William H. Hallahan’s “The Trade” is a stunning thriller set in the unnerving backdrop of the global arms business. An ex-US intelligence operative was killed in the Paris underground and his last words are about the “Doomsday Book.” The document had inspired more than two decades of plots by the most powerful players in the European arms trade. The book has an ominous plan that if put into motion could plunge China, Russia and the United States into what would clearly be World War III. Ex American agent Charlie Brewer teams up with a gritty and shrewd international trader who sells everything from jet fighters to grenades. They are soon wrestling with the cunning daughter of one of the most influential intelligence officers in Germany. Together, they unearth a shocking conspiracy that will rope in not only the major powers but most of the nations of the world.

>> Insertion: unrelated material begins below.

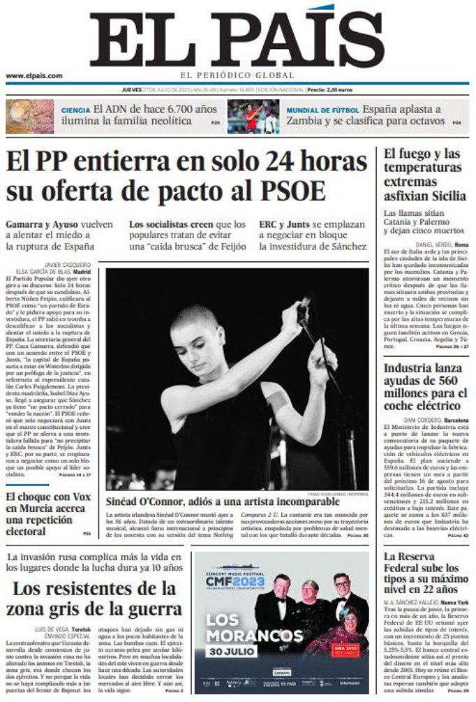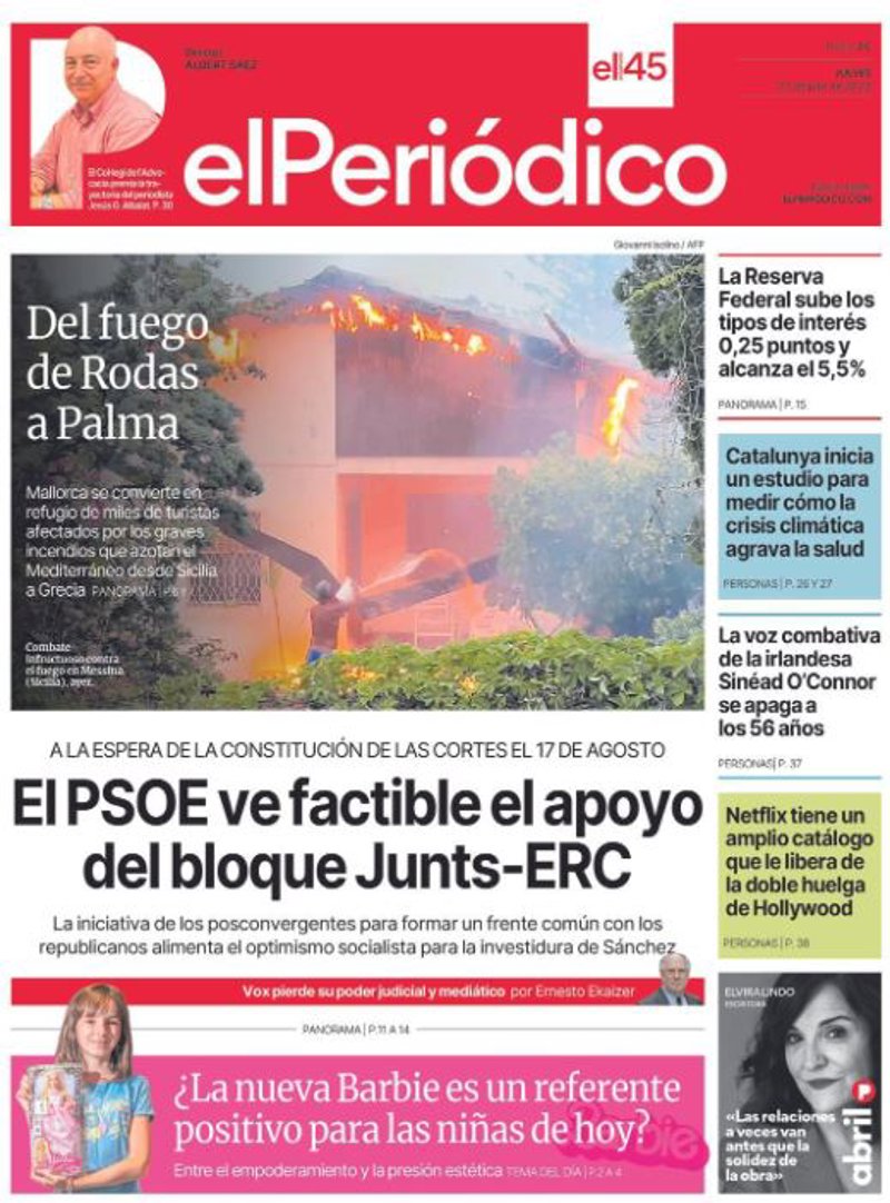 EL PERIÓDICO: "Del fuego de Rodas a Palma"; El PSOE ve factible el apoyo del bloque Junts-ERC"; "La reserva federal sube los tipos de interés 0,25 puntos y alcanza el 5,5%"; "Catalunya inicia un estudio para medir cómo la crisis climática agrava la salud"; "La voz combativa de la irlandesa Sinéad O'Connor se apaga a los 56 años"; "Netflix tiene un amplio catálogo que le libera de la doble huelga de Hollywood".

“Foxcatcher” the third novel of the Charlie Brewer series by Hallahan is another suspense thriller that will have its readers on the edge of their seats. Charlie Brewer who is the best agent the US has working against the illegal trade in arms is being sent to jail after he was set up. When his boss learns that some Iranian terrorist has been trying to acquire some sophisticated equipment he decides to take action. The weapons in question are American built arms that the US had sold to the Shah. If the terrorist acquired them, they could be used to reactivate a surveillance system that could blow up any target they chose in the Middle East. McCall decides that to teach the terrorists a lesson, he is going to send a message: kill three of them in different locations on the same day. In the meantime, Brewer got out of prison for parole and is soon bribed by the Iranians to get them the equipment. The action moves across the Middle East, Europe, the Caribbean, and America as McCall and Brewer butt heads as the story heads for a delicious finale.